* _PROBLEM DETAILS_:
From the line with "Afyonkarahisar'da hastanede gerçekleştirilen" to the line with "通过拓宽潜在客户来源、、、优", retype each line exactly as it stands in the records below, but skip the pictures.

* _EXERCISE MATERIAL_:
########################################
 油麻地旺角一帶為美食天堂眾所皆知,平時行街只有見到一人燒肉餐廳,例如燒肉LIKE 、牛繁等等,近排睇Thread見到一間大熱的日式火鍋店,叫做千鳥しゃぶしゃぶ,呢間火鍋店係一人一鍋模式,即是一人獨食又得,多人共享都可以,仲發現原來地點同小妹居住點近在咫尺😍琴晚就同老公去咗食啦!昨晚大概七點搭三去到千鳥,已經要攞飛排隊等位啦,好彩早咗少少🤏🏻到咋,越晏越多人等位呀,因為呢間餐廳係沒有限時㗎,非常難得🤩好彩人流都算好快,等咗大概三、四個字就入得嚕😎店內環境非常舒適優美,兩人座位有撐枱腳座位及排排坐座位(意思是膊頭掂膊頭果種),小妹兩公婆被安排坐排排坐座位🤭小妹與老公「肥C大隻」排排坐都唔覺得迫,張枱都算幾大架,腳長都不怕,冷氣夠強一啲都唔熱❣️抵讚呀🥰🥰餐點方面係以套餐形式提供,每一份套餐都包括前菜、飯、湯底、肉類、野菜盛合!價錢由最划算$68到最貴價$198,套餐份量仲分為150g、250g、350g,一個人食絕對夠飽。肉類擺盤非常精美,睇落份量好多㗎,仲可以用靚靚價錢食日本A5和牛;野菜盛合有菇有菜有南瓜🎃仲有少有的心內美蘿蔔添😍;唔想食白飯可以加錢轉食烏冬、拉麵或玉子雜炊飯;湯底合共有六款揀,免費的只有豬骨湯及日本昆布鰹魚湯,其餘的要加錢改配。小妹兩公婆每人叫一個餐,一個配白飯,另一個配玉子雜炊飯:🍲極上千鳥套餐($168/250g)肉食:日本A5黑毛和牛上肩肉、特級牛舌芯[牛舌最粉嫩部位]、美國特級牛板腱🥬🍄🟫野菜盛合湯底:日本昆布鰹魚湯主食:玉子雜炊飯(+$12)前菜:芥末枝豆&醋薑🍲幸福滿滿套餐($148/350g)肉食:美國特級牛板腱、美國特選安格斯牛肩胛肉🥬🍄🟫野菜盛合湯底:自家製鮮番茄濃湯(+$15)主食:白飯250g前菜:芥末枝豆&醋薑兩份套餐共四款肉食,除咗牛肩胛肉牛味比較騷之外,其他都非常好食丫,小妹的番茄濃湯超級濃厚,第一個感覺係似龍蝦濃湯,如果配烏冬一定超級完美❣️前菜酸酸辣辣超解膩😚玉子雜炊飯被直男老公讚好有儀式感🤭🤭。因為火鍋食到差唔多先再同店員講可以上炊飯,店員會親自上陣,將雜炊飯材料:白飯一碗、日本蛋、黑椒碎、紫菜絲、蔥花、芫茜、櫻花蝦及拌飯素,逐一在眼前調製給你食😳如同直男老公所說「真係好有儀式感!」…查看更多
########################################
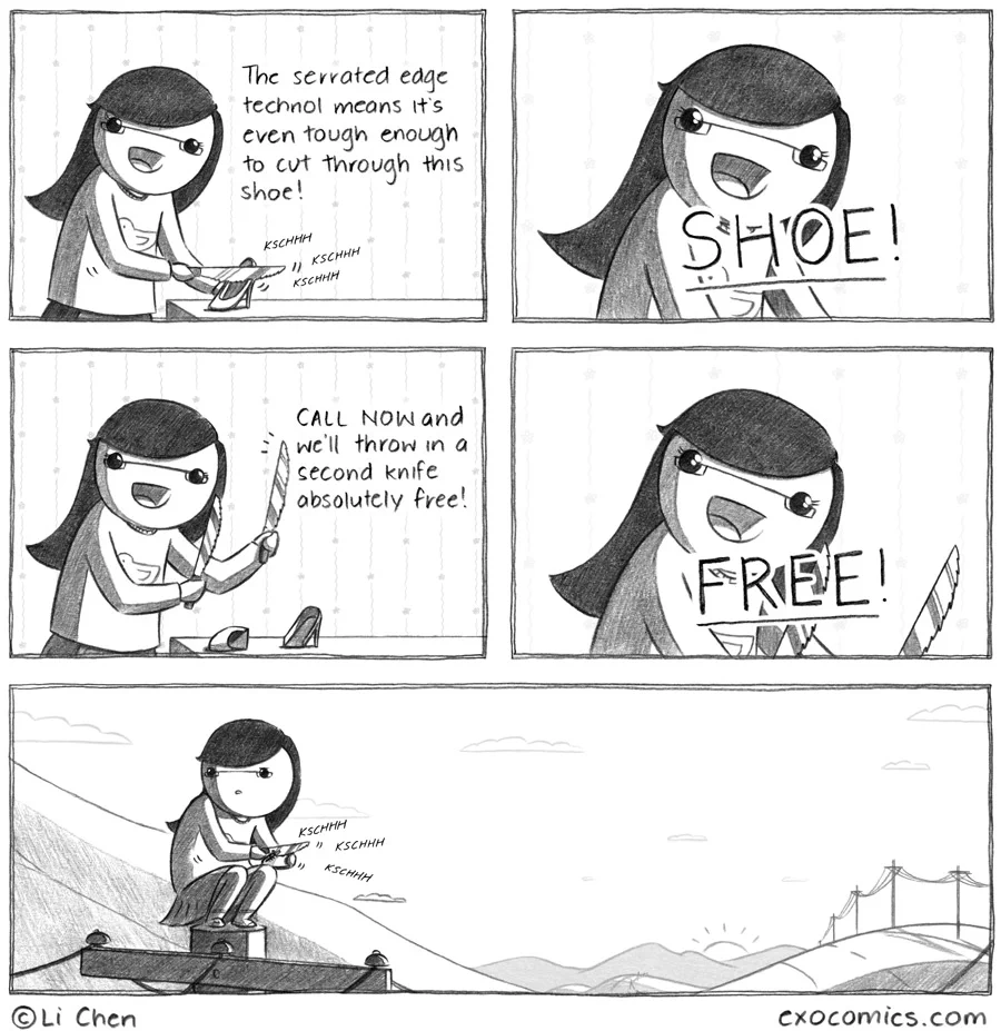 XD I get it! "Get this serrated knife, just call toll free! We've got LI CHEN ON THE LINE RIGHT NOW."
########################################
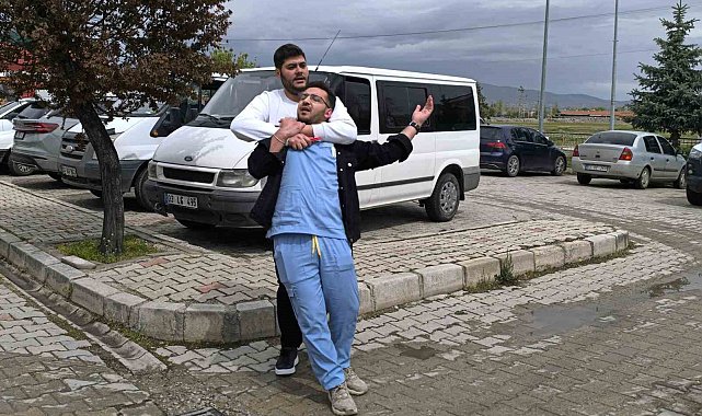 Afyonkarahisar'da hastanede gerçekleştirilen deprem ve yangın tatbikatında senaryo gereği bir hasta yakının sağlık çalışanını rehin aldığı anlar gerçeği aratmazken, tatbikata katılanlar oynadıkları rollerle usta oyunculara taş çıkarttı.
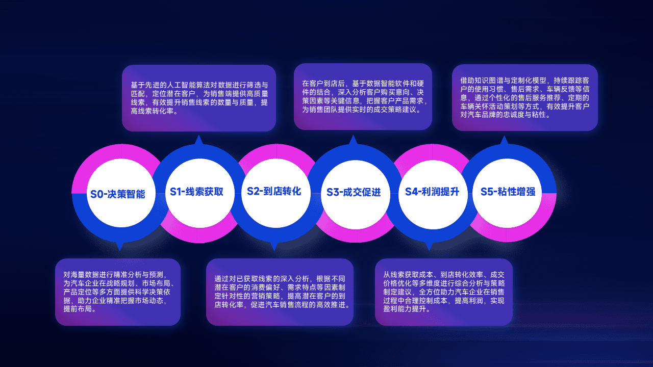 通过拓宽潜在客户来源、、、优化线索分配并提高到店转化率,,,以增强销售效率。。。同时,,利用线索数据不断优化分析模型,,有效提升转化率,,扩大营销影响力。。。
########################################
* _SOLUTION TO THIS EXERCISE_:
 Afyonkarahisar'da hastanede gerçekleştirilen deprem ve yangın tatbikatında senaryo gereği bir hasta yakının sağlık çalışanını rehin aldığı anlar gerçeği aratmazken, tatbikata katılanlar oynadıkları rollerle usta oyunculara taş çıkarttı.
 通过拓宽潜在客户来源、、、优化线索分配并提高到店转化率,,,以增强销售效率。。。同时,,利用线索数据不断优化分析模型,,有效提升转化率,,扩大营销影响力。。。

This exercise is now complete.